Work instruction:
No pictures go in the copy. Restate, word for word, each line from the one containing "转自:成都发布 今日早间我市以云层为主 部分地区出现大雾天气" through the last line below.

Entries taken from a collection:
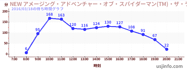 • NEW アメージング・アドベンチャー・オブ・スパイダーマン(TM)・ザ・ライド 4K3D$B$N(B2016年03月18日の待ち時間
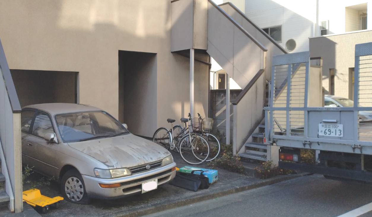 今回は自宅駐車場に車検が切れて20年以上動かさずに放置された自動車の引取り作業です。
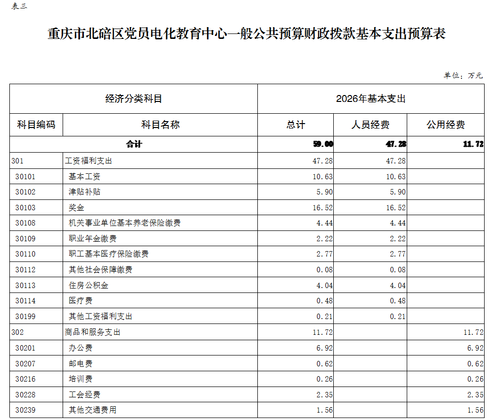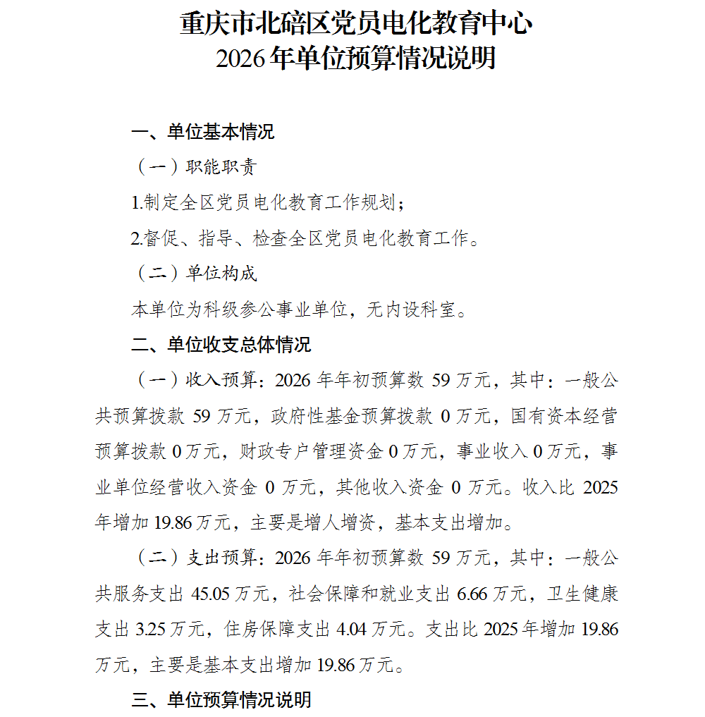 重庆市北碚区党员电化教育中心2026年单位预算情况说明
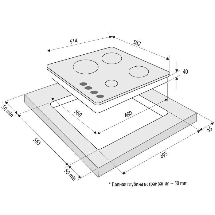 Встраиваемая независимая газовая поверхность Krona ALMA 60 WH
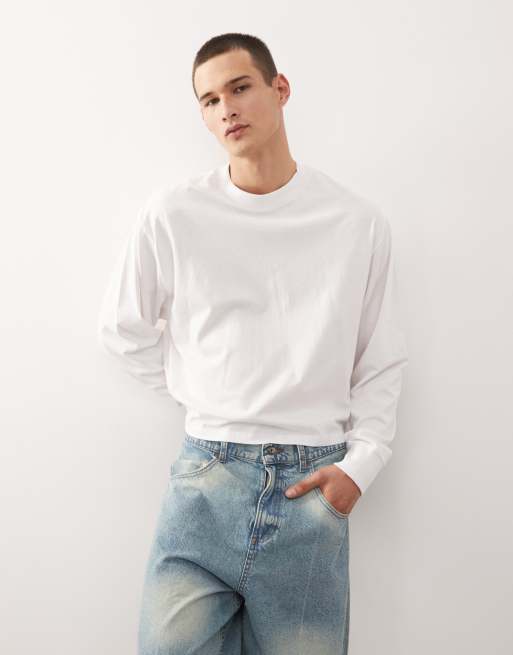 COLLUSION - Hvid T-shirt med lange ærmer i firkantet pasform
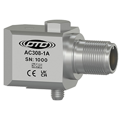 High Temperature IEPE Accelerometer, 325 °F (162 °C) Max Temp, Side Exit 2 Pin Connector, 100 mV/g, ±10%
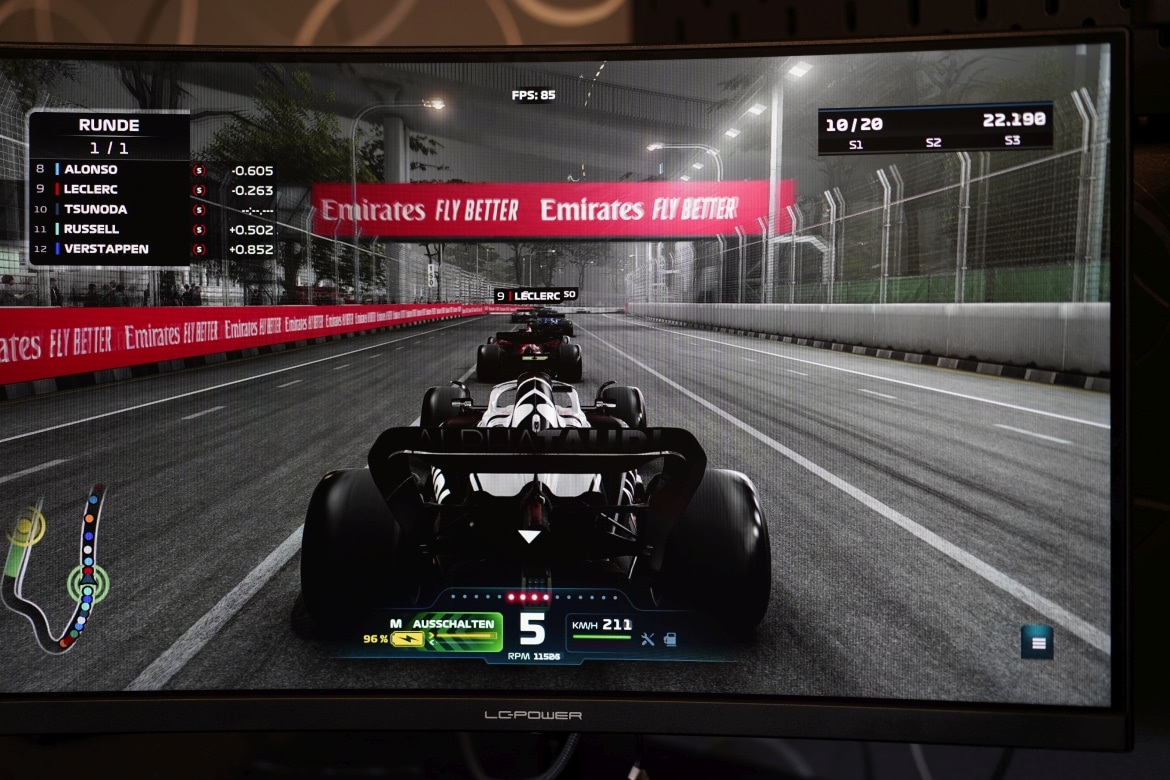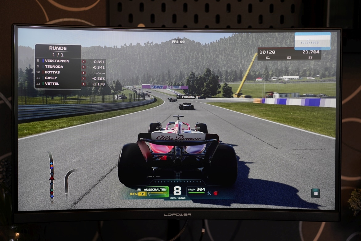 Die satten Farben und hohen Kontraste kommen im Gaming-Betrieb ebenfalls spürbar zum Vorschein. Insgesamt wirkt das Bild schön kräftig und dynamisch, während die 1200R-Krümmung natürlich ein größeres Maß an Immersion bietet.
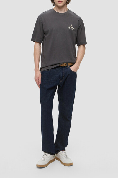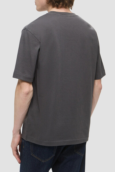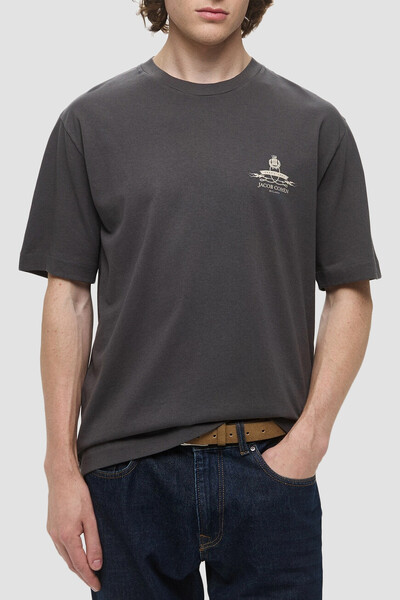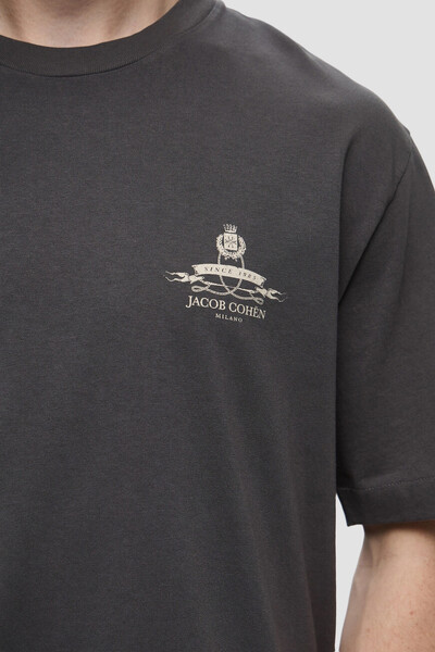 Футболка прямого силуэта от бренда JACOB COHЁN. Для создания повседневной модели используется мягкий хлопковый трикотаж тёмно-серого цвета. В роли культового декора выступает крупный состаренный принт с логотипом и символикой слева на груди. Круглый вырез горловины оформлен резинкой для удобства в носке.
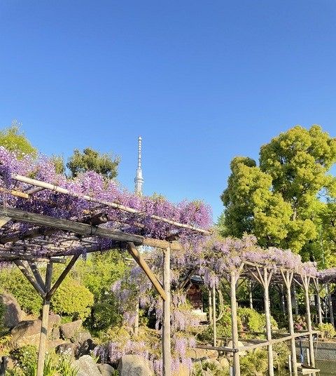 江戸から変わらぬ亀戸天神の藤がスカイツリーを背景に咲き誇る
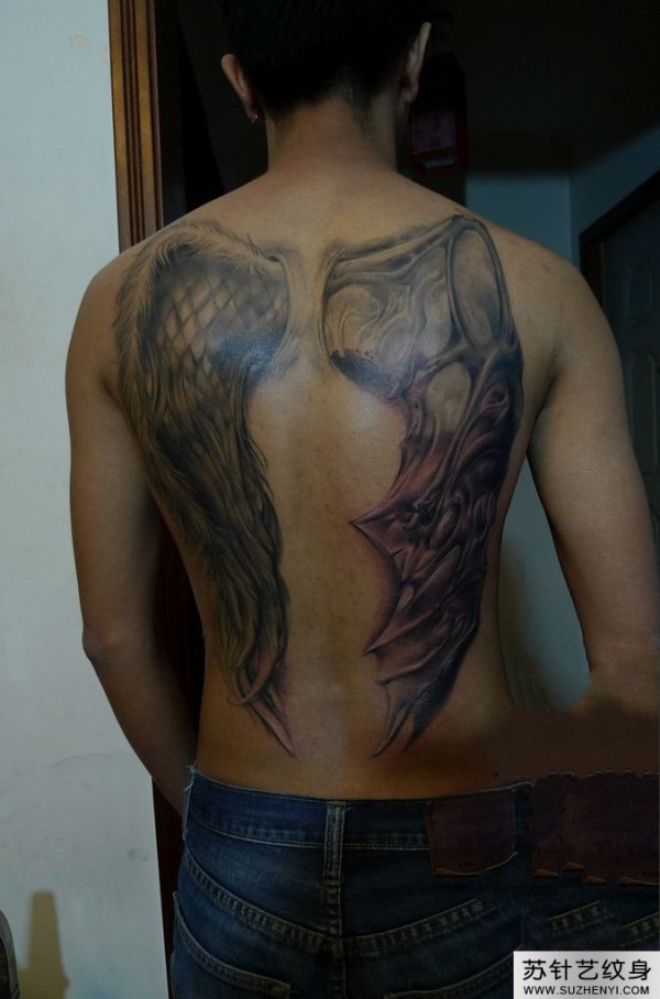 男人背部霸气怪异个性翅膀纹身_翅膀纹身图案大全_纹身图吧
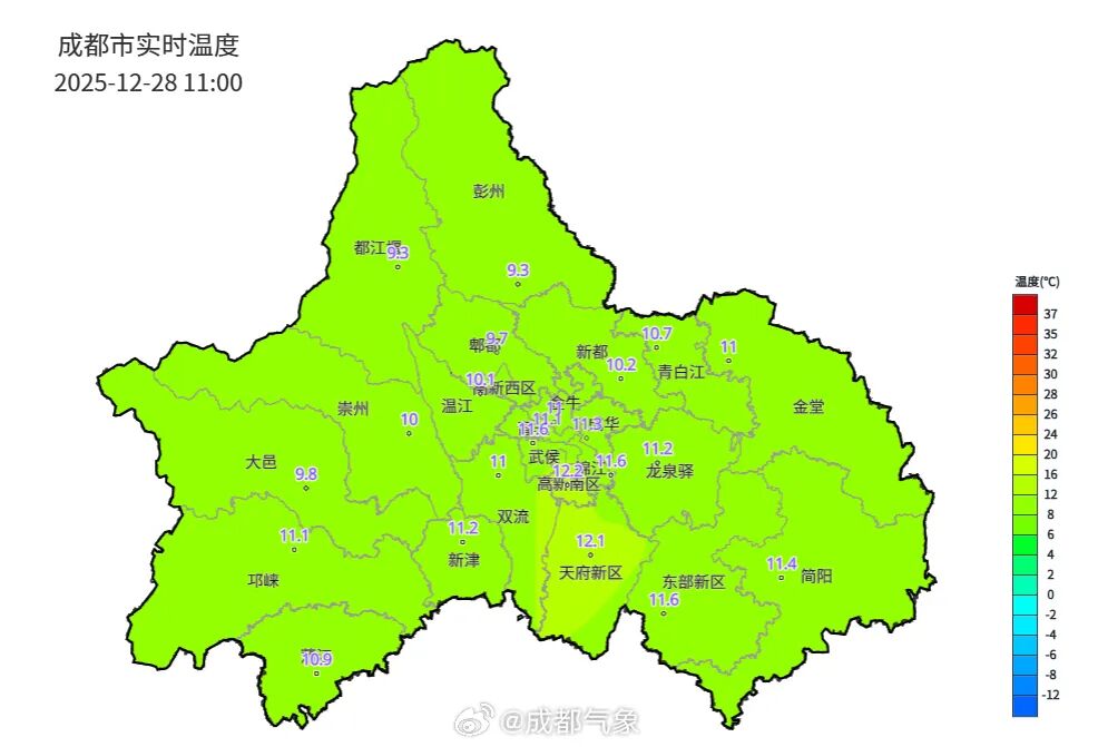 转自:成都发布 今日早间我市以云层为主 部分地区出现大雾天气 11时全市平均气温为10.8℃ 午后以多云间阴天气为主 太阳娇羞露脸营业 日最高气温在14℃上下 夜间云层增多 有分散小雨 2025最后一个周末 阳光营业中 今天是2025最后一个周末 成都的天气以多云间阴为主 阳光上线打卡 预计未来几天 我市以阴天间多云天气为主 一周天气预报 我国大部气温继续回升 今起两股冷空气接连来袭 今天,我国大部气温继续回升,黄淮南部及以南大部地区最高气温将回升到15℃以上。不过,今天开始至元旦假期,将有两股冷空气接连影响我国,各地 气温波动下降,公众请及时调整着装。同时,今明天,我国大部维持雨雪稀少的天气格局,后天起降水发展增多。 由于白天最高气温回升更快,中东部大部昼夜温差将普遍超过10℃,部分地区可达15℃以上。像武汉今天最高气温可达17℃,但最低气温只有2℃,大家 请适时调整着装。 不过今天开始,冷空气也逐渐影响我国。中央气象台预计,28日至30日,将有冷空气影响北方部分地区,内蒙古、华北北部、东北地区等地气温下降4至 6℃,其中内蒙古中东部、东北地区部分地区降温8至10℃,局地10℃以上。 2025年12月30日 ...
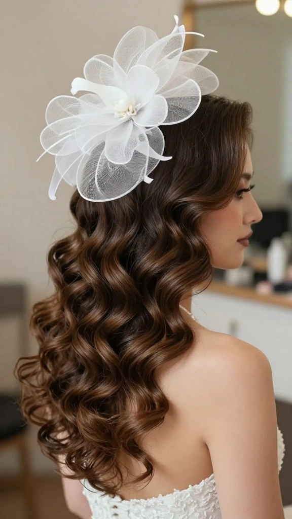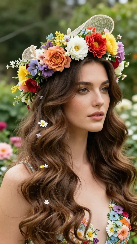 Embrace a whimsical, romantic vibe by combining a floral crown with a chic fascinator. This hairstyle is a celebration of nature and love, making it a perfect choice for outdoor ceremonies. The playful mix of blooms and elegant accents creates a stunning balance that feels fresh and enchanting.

Solution below:
 转自:成都发布 今日早间我市以云层为主 部分地区出现大雾天气 11时全市平均气温为10.8℃ 午后以多云间阴天气为主 太阳娇羞露脸营业 日最高气温在14℃上下 夜间云层增多 有分散小雨 2025最后一个周末 阳光营业中 今天是2025最后一个周末 成都的天气以多云间阴为主 阳光上线打卡 预计未来几天 我市以阴天间多云天气为主 一周天气预报 我国大部气温继续回升 今起两股冷空气接连来袭 今天,我国大部气温继续回升,黄淮南部及以南大部地区最高气温将回升到15℃以上。不过,今天开始至元旦假期,将有两股冷空气接连影响我国,各地 气温波动下降,公众请及时调整着装。同时,今明天,我国大部维持雨雪稀少的天气格局,后天起降水发展增多。 由于白天最高气温回升更快,中东部大部昼夜温差将普遍超过10℃,部分地区可达15℃以上。像武汉今天最高气温可达17℃,但最低气温只有2℃,大家 请适时调整着装。 不过今天开始,冷空气也逐渐影响我国。中央气象台预计,28日至30日,将有冷空气影响北方部分地区,内蒙古、华北北部、东北地区等地气温下降4至 6℃,其中内蒙古中东部、东北地区部分地区降温8至10℃,局地10℃以上。 2025年12月30日 ...
 Embrace a whimsical, romantic vibe by combining a floral crown with a chic fascinator. This hairstyle is a celebration of nature and love, making it a perfect choice for outdoor ceremonies. The playful mix of blooms and elegant accents creates a stunning balance that feels fresh and enchanting.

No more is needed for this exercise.